Let me know if you have any thoughts.

Marisa

Bill Kasdorf

unread,

Apr 19, 2011, 10:02:11 AM4/19/11

to epub-work...@googlegroups.com, Casey Dougherty, Al Cannistraro, Raymond Walsh

I wonder if the ratio isn't the reverse. I would think rather than one MO to many Content Docs, the more common situation would be one Content Doc with many MOs--one full text MO, plus various abridgement or subset MOs. I don't envision an EPUB having a bunch of Content Docs in a case like that; instead, I'd envision the MOs needing to address locations (portions, segements) within a single Content Doc.
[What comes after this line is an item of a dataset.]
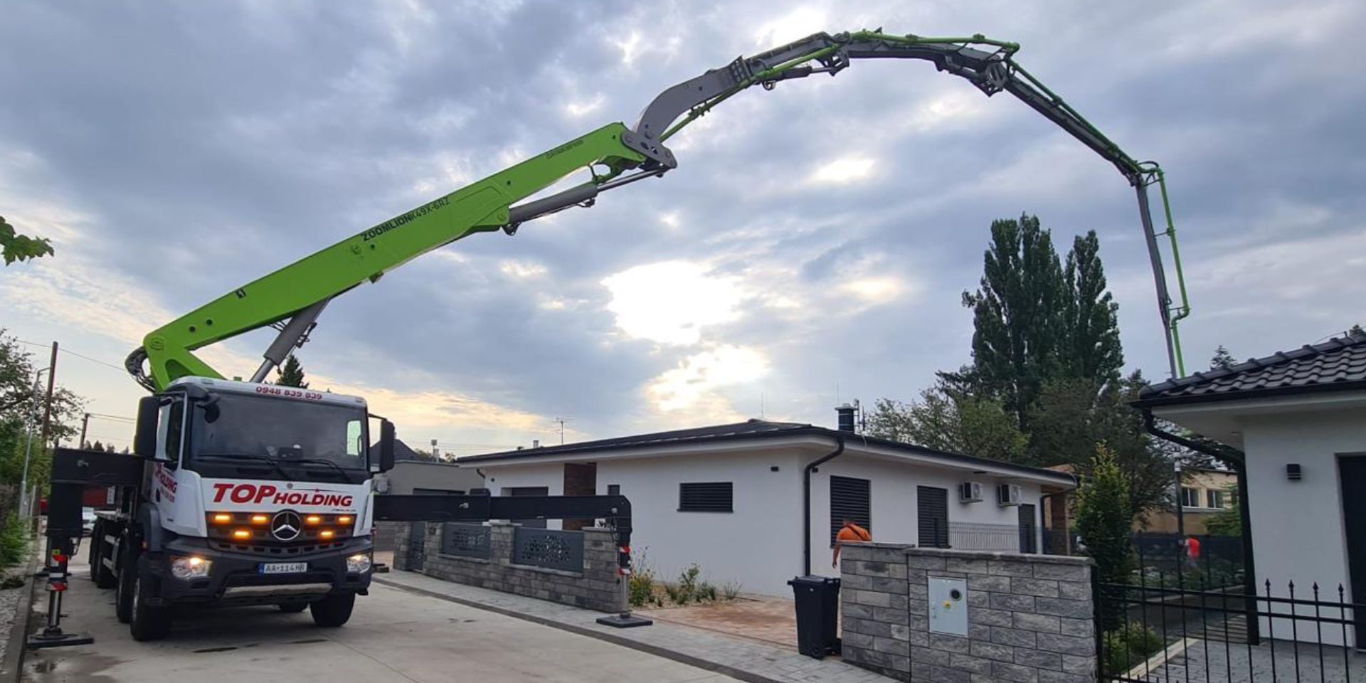 na podvozku Mercedes – Benz Arocs je stroj jedinečný svojho druhu. S dĺžkou ramena 49 metrov načerpá betón do vysokých poschodí tak i do diaľky. Ako 1. na Slovensku vlastníme v našom vozovom parku tento unikátny nový stroj.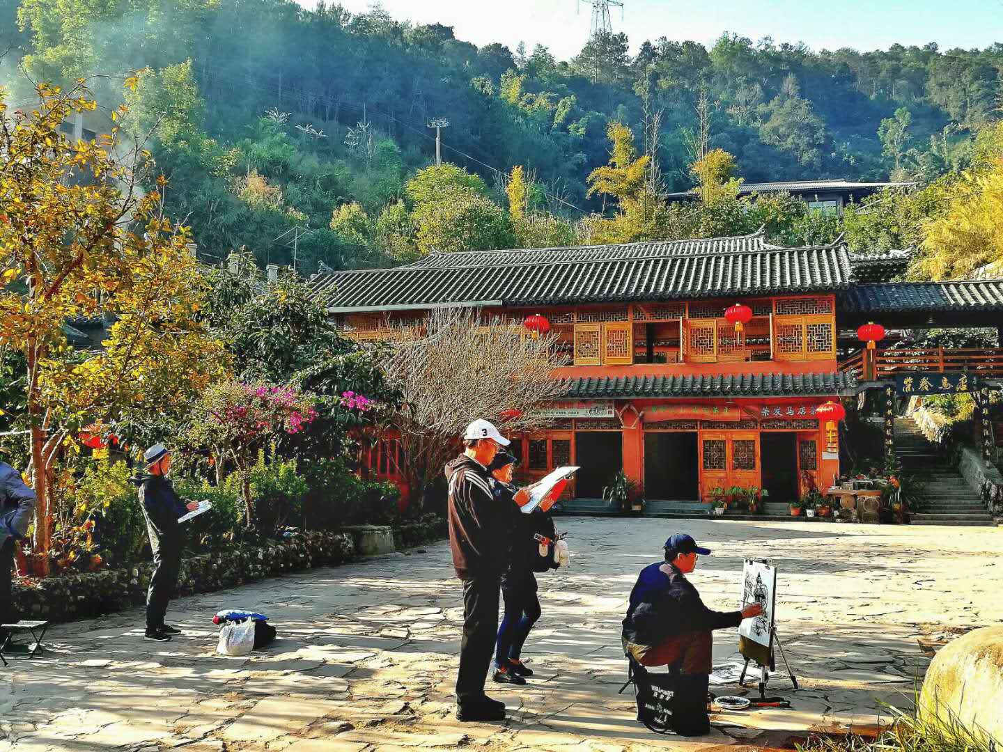 普洱版畫基地負責人冷光冕老師在驛站等候我們,并安排了我們吃、住和行。我們放下行李隨冷光冕老師前去參觀了版畫創(chuàng)作基地。

Actually, perhaps both scenarios would be the reality. An abridgement could take a selection of individual chapters, each of which is a Content Doc in its entirety; but another abridgement could take selected content from one Content Doc (or portions of several).

Just a thought.

--Bill Kasdorf

Kotrch, Steve

unread,

Apr 19, 2011, 11:00:45 AM4/19/11

to epub-work...@googlegroups.com, Casey Dougherty, Al Cannistraro, Raymond Walsh

I concur with Bill—at least as far as S&S is concerned.

--steve kotrch

George Kerscher

unread,

Apr 19, 2011, 11:06:50 AM4/19/11

to epub-work...@googlegroups.com, Casey Dougherty, Al Cannistraro, Raymond Walsh

We may find that certain items are best with an overlay, e.g. poetry read
while a short story or article is just the text.

Best
George

Peter Sorotokin

unread,

Apr 19, 2011, 12:14:05 PM4/19/11

to epub-work...@googlegroups.com, Casey Dougherty, Al Cannistraro, Raymond Walsh

Marisa,

When you say "abridged audio" you mean that some text may not have
corresponding audio, not that some part of the text was rewritten to
condense it or something is rearranged, right? In other words, audio has
some gaps which are still available as text, but otherwise audio is a
faithful reproduction of text.

Peter

Peter Sorotokin

unread,

Apr 19, 2011, 12:35:43 PM4/19/11

to Alan Cannistraro, epub-work...@googlegroups.com, Casey Dougherty, Raymond Walsh

Yes it does, but I'd would like to express it more clearly. I think your
original wording can be read as trying to package full-text and abridged
version of the book in the same EPUB + provide media overlay for the latter.
I would not say "abridged" at all. Just say that (1) it is allowed for media
overlay not to cover all of the text and (2) Reading System may use either
text or media overlay as primary content source and in the latter case come
text content is skipped, if no corresponding audio exists for it.

Peter

On 4/19/11 9:20 AM, "Alan Cannistraro" <al...@apple.com> wrote:

> Peter - that would be one embodiment of this. The general case is that you
> may have a recording of audio that skips over entire sections (even documents)
> of an epub. In this case, we would want the audio to be the driver of
> sequence, rather than respecting every entry in the spine. To solve this, we
> would like a single MO to specify a sequence that spans Content Documents.
>
> Does this make sense?
>
> Alan

Daniel Weck

unread,

Apr 19, 2011, 12:58:42 PM4/19/11

to epub-work...@googlegroups.com, Casey Dougherty, Al Cannistraro, Raymond Walsh

In my understanding, there are essentially 2 "major" types of
synchronized text/audio books, leading to very different design
requirements:

(1) The audio narration faithfully reproduces the text content flow.
In this case, the text document is effectively the "master" in terms
of the resulting sequence of audio phrases during playback (bar
"skippability" and "escapability" artifacts, which may occur due to
footnotes, external image descriptions, special structures such as
tables, etc.) In terms of recording workflow, a reader/narrator would
create the audio overlay by following the spine and document(s) order
of a given EPUB. In terms of reading experience, the resulting EPUB +
Media-Overlay publication could be consumed in text-only mode, or in
synchronized text/audio mode, with no major content discrepancy.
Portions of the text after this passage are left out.